• DESCRIPTION OF THE TASK:
Take nothing but the lines from the one with "Hudson Blossom Fence" through the one with "Scaling down our" in the entries below, both ends kept, and return them exactly with pictures left out.

• EXCERPTED DATA:
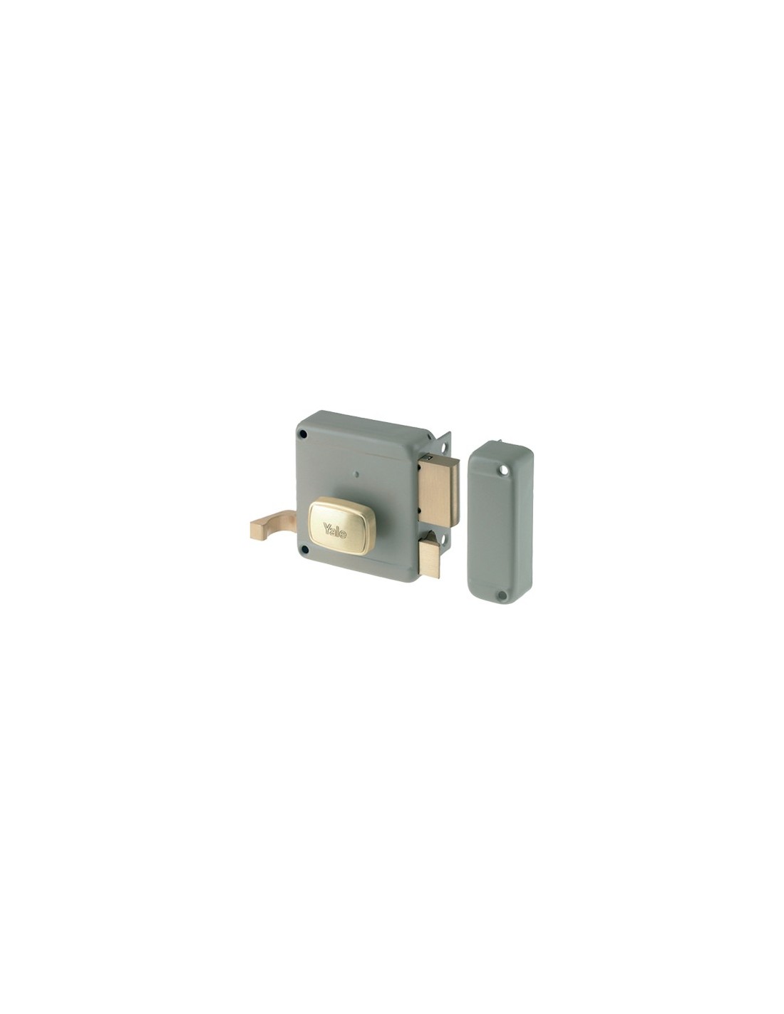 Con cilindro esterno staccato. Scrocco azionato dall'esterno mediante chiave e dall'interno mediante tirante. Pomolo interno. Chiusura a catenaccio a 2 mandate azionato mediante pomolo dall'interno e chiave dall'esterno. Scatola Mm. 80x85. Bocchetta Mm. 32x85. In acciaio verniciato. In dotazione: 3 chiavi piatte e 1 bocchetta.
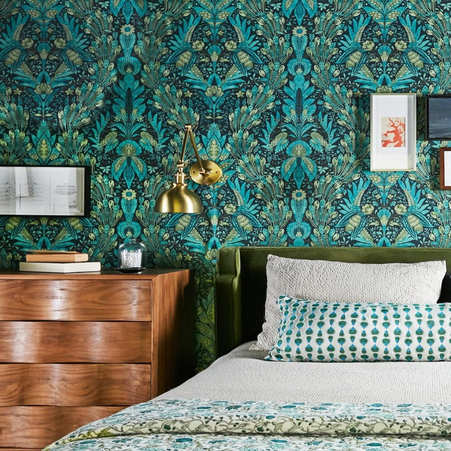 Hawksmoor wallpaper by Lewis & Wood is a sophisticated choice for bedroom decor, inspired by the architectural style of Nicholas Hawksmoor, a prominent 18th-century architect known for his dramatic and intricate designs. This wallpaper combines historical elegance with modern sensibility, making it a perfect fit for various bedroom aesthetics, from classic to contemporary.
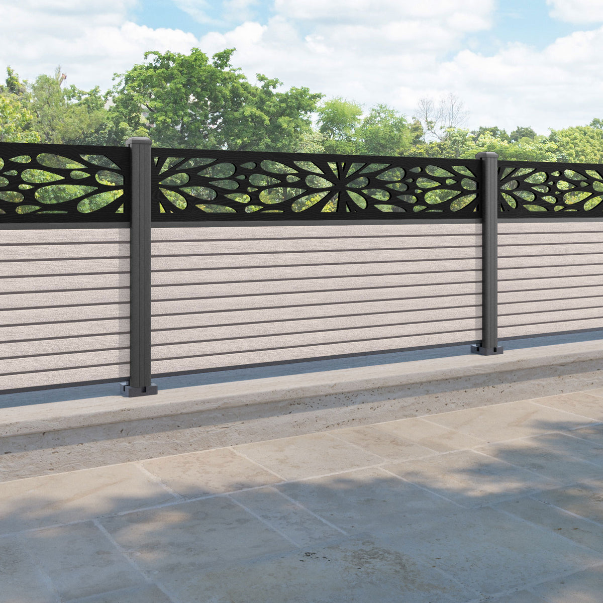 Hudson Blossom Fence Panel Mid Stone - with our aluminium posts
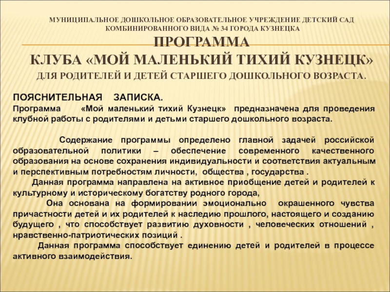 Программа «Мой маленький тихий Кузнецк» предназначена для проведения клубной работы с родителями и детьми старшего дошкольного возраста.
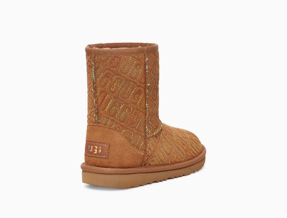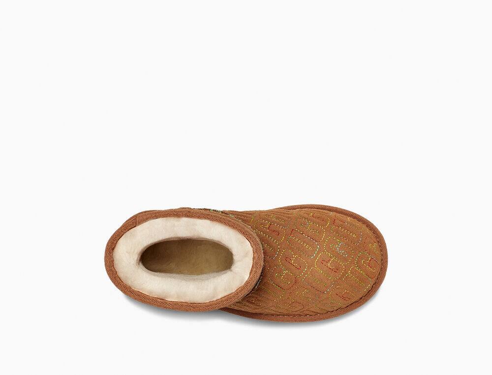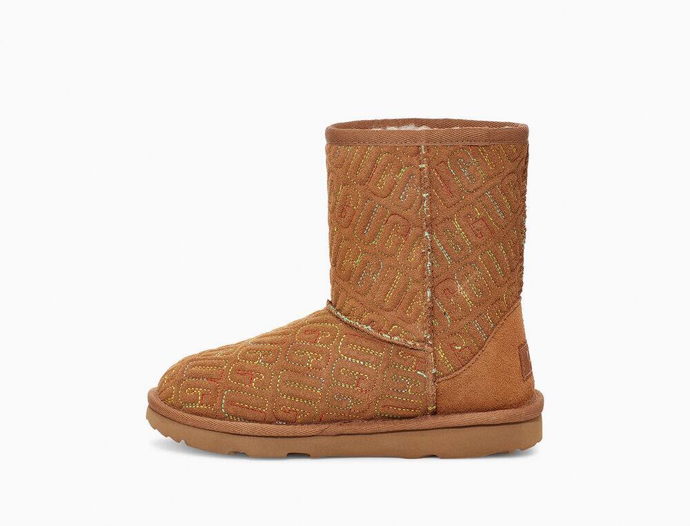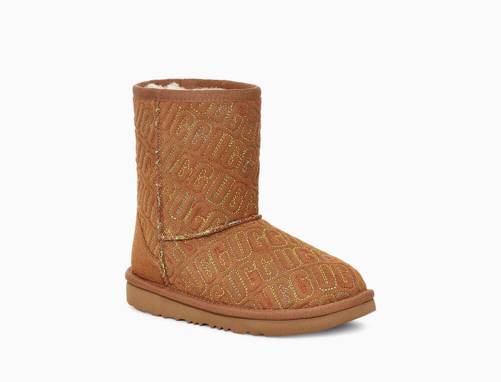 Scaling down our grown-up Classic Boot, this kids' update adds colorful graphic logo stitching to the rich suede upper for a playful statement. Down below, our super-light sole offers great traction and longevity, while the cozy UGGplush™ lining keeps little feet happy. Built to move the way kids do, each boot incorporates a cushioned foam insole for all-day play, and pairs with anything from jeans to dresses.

==

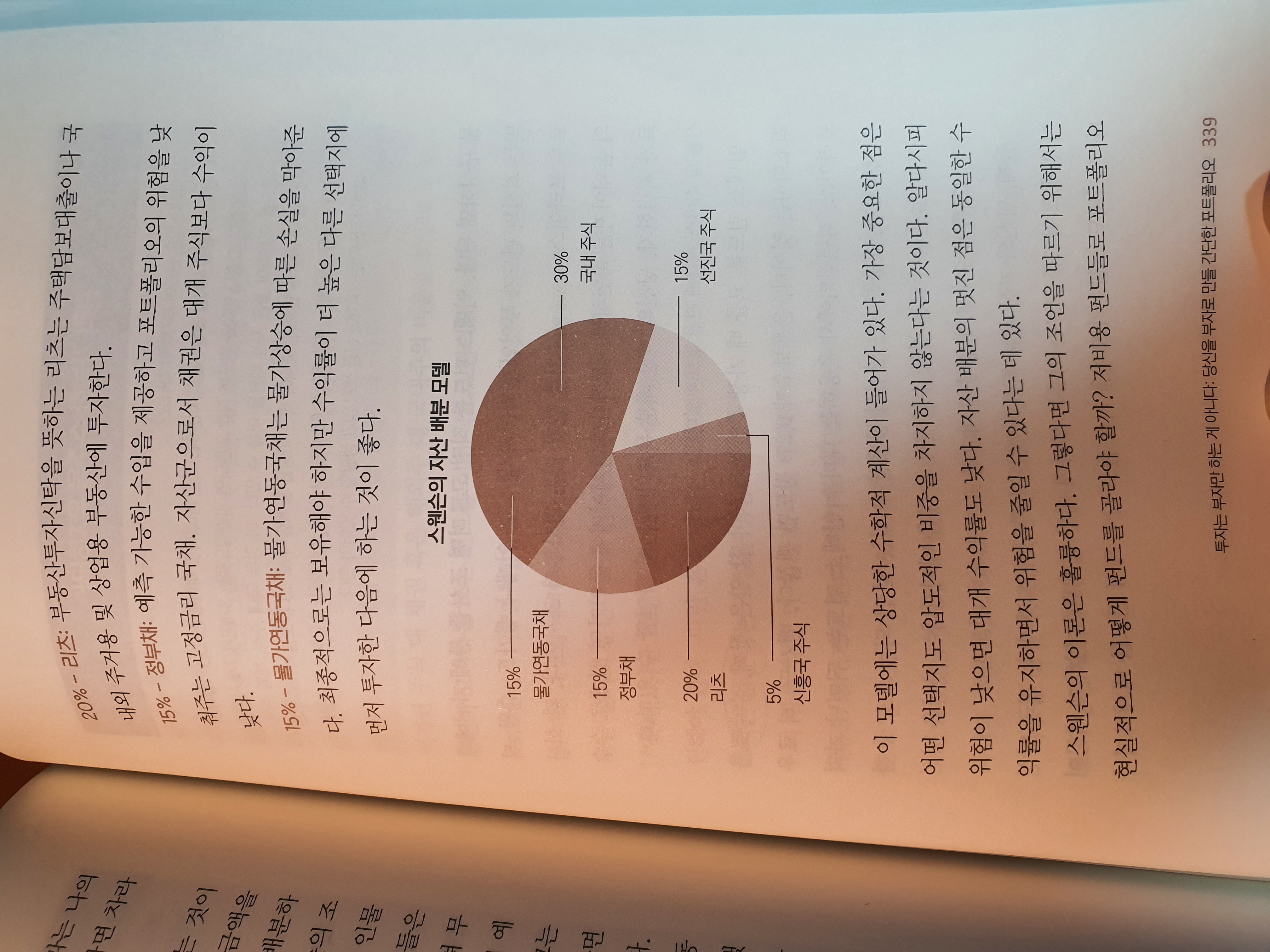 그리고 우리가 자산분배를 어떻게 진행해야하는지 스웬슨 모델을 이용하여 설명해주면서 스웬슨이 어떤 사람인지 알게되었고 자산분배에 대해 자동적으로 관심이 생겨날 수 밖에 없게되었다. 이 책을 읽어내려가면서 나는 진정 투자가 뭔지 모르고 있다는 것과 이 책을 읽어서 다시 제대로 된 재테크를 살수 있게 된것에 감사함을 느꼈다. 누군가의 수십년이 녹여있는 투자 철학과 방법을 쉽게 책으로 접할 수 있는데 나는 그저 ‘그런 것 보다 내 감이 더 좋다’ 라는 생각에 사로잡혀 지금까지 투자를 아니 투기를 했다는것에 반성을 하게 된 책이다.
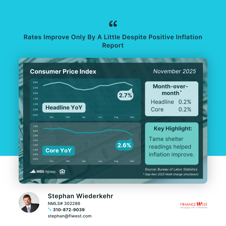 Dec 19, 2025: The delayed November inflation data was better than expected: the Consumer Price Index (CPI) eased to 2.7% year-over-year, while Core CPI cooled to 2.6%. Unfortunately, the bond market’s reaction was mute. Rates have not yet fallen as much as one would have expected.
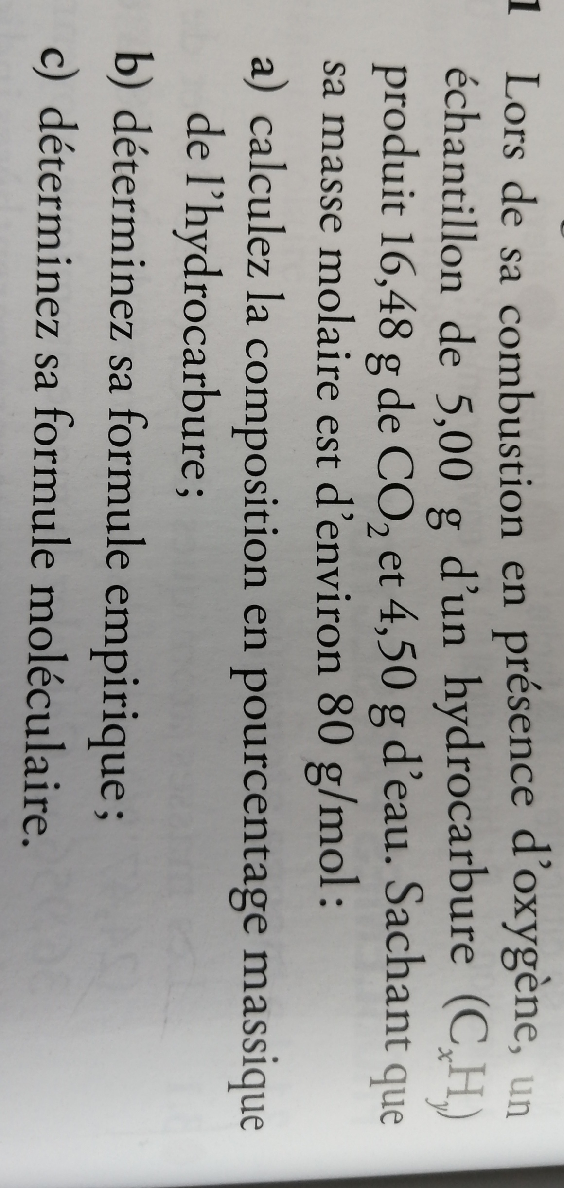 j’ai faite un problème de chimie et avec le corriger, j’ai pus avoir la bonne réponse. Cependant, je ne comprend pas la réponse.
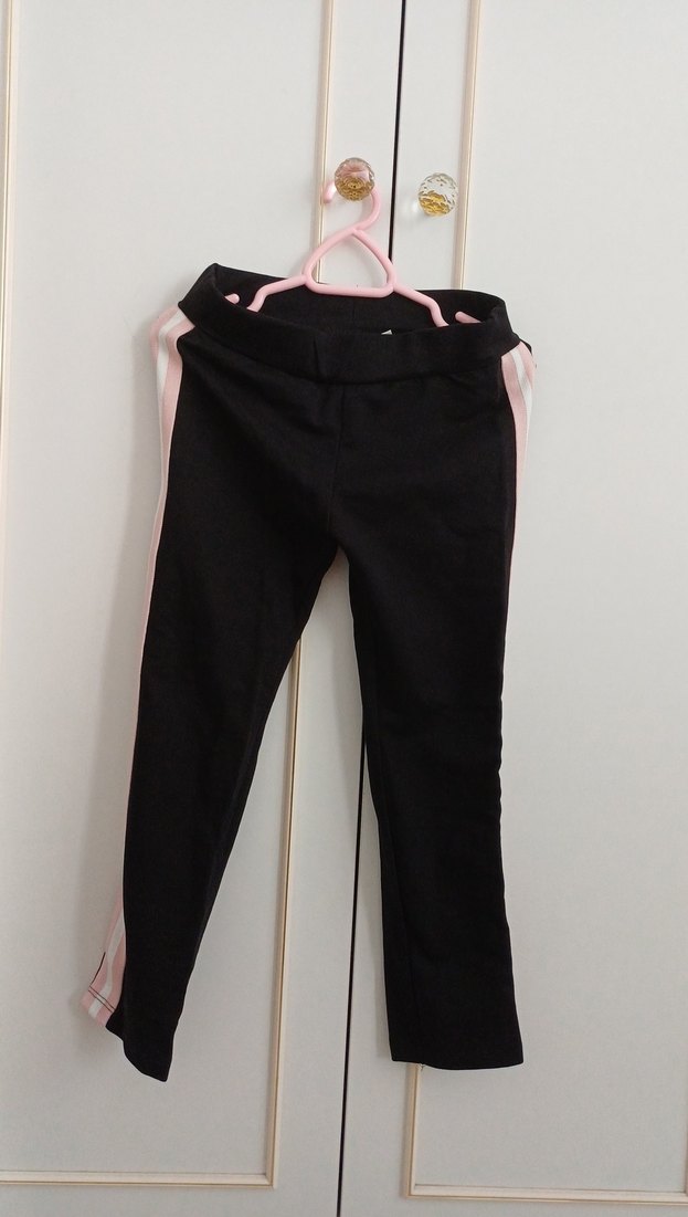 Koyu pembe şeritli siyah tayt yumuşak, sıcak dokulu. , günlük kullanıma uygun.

• RESULT OF THE EXERCISE:
 Hudson Blossom Fence Panel Mid Stone - with our aluminium posts
 Программа «Мой маленький тихий Кузнецк» предназначена для проведения клубной работы с родителями и детьми старшего дошкольного возраста.
 Scaling down our grown-up Classic Boot, this kids' update adds colorful graphic logo stitching to the rich suede upper for a playful statement. Down below, our super-light sole offers great traction and longevity, while the cozy UGGplush™ lining keeps little feet happy. Built to move the way kids do, each boot incorporates a cushioned foam insole for all-day play, and pairs with anything from jeans to dresses.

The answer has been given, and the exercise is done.